In some implementations, the analyzing includes tracing one or more code paths from a branch point. For example, the virtual processor/emulator 110 may trace a path from an “if” condition and then return to trace a path from an “else” condition associated with the “if” condition. In some implementations, the virtual processor/emulator 110 records or otherwise tracks paths that have been traced, so that each path is only traced once.
In some implementations, the analyzing includes identifying calls to external functions. For example, the virtual processor/emulator 110 may identify calls to a static or dynamic library. The virtual processor/emulator 110 may also identify the library and/or code from the library which contains the called function.
The virtual processor/emulator 110 identifies programming logic errors discovered during the tracing. The virtual processor/emulator 110 may generate information, such as a report, describing the programming logic errors.

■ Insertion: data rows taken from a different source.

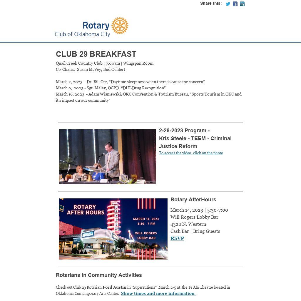 June 13, 2023 - Rotary Meeting location changed to National Cowboy & Western Heritage Museum
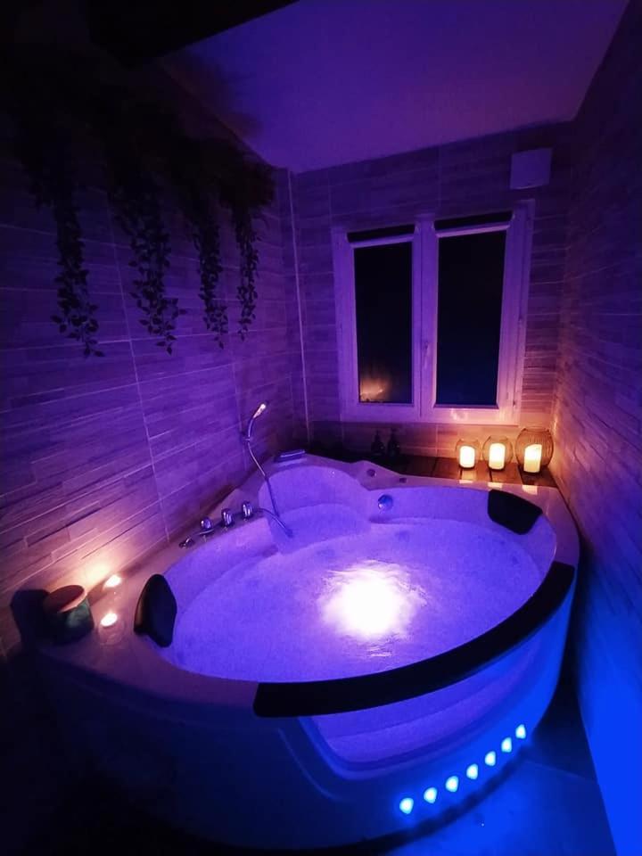 Chambre Double avec Baignoire Spa. This double room features a hot tub. Guests can make meals in the kitchenette that has a stovetop, a refrigerator, kitchenware and a microwave. The spacious double room features air conditioning, a private entrance, a terrace with garden views as well as a private bathroom boasting a bath. The unit has 1 bed.
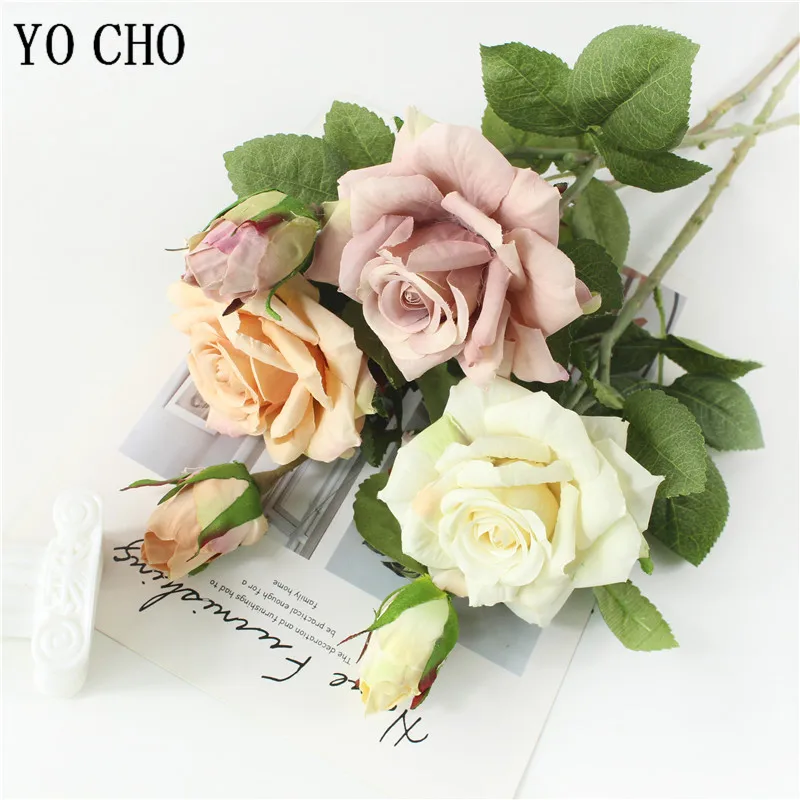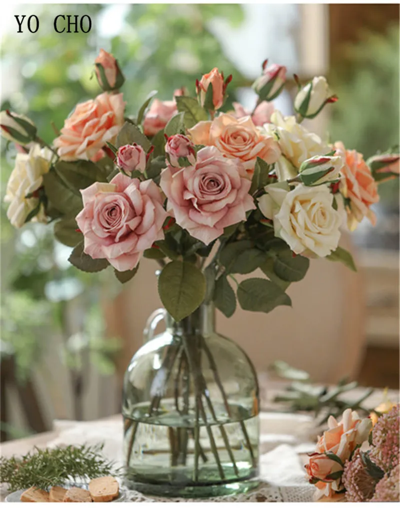 YO CHO розовый Шелковая Роза украшение для свадьбы букет цветов Свадебный DIY невесты цветы подружки невесты латексные искусственные розы белый букет de fleur Mariage домашний декор
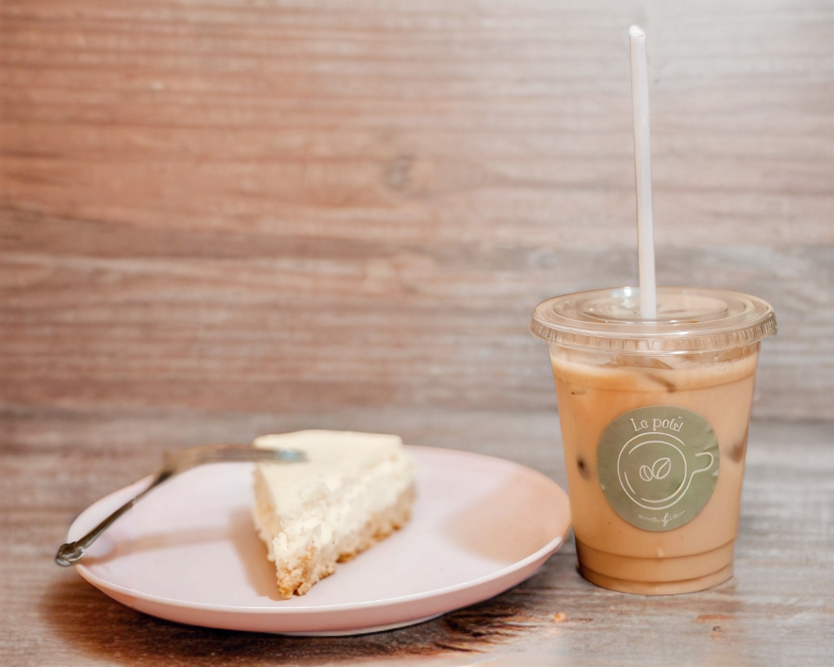 Rebanada de cheesecake Frambuesa y Café Expreso Vainilla latte.
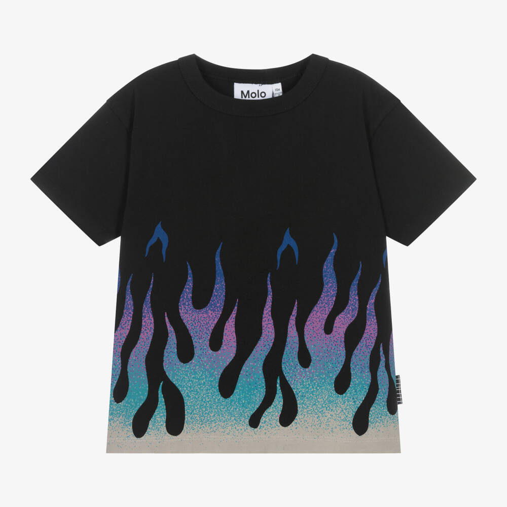 A black short-sleeved T-shirt for boys by Molo, made from soft organic cotton jersey. Cool and contemporary, it is printed with flames in purple, blue and beige for a fun streetwear look.

In some implementations, the identifying errors includes identifying calls that never return. For example, the virtual processor/emulator 110 may identify a portion of code that when entered is an infinite loop or otherwise fails to return control to the calling code and/or provide a value requested by the calling code.
In some implementations, identifying errors includes identifying code that is never reached. For example, the virtual processor/emulator 110 may identify a path of a conditional statement that is never executed because the condition of the statement is never satisfied.
In some implementations, the virtual processor/emulator 110 may identify a section of the code 106 that is not efficient and/or a section of the code 106 that may be a candidate for optimization. In some implementations, the virtual processor/emulator 110 may scan unknown program code to identify what actions the unknown code performs and/or how the unknown code works. In some implementations, the virtual processor/emulator 110 may search for virus or Trojan horse code embedded in program code. In some implementations, the virtual processor/emulator 110 may scan kernel loadable modules (e.g., “kexts” in the Macintosh Operating System) for malicious or an otherwise undesirable set of instructions or operations.
In some implementations, the virtual processor/emulator 110, another module such as a debugger, or some combination thereof dynamically analyzes the code 106 for programming logic errors. For example, the virtual processor/emulator 110 may provide analysis information to a debugger application. The debugger application may capture information in response to an event, such as a crash, breakpoint, or an exception and correlate the captured information with the analysis to determine, for example, a cause of or solution to the event.
The virtual processor/emulator 110 may output analysis information 112 to a debugger application 114. The debugger 114 is capable of stepping through the execution of the code 106. The debugger 114 may report the values of registers, such as values of variables or memory addresses. In some implementations, the debugger 114 is able to modify the state of the code execution, such as by modifying the values of variables.
The analysis information 112 may include debugging information, such as one or more entry points of a branch table. The entry point describes the location in the code execution space at which the code is initiated. The branch table includes a table of branch targets and offsets or addresses into the table of branch targets. The branch targets describe the paths resulting from the conditional statements and thread creation statements. The offsets and/or addresses into the branch table describe at what state a branch is executed and provide a jump to that branch. The analysis information 112 may include further information determined by the virtual processor/emulator 110, such as the external function calls.
The debugger 114 uses the analysis information 112 to test and/or debug the execution of the code 106. For example, external function call information may allow the debugger 114 to step into code associated with an external library. The analysis information 112 may include probe points, such as possible locations for runtime errors in the code 106. The analysis information 112 may include the status of registers, such as whether a register has been initialized, set with the value of another register, undefined/unset, or a value that is assigned to an undefined register (e.g., a pointer to a memory location where the pointer has not been initialized). The analysis information 112 may include state information. The debugger 114 may use the state information to modify the state of the execution of the code 106 to test a particular series of events or a particular portion of the code 106.
FIG. 2 is a block diagram showing an example of the virtual processor/emulator 110 for emulating execution of code and analyzing errors in the execution. The virtual processor/emulator 110 includes a fetcher module 202, a decoder module 204, an execution module 206, an analyzer module 208, and a completion module 210.
The fetcher module 202 receives the code 106 and selects an instruction from the code 106. The fetcher module 202 verifies that an address of the instruction is valid. If the address is valid, then the fetcher module 202 puts a copy of the instruction in an internal work area, such as a memory space accessible by the virtual processor/emulator 110. The fetcher module 202 then passes control to the decoder module 204.
The decoder module 204 partially parses the instruction into an operation code (opcode), such as a machine language instruction. In some implementations, the decoder module 204 may parse the instruction into an extended opcode. The opcode may have one or more associated operands, such as a value to be placed in a memory register or a memory address to jump to. The decoder module 204 looks up the opcode in a table or list of valid instructions. If the decoder module 204 determines that the opcode is valid, then the decoder module 204 finishes the parsing of the instruction using information found in the table.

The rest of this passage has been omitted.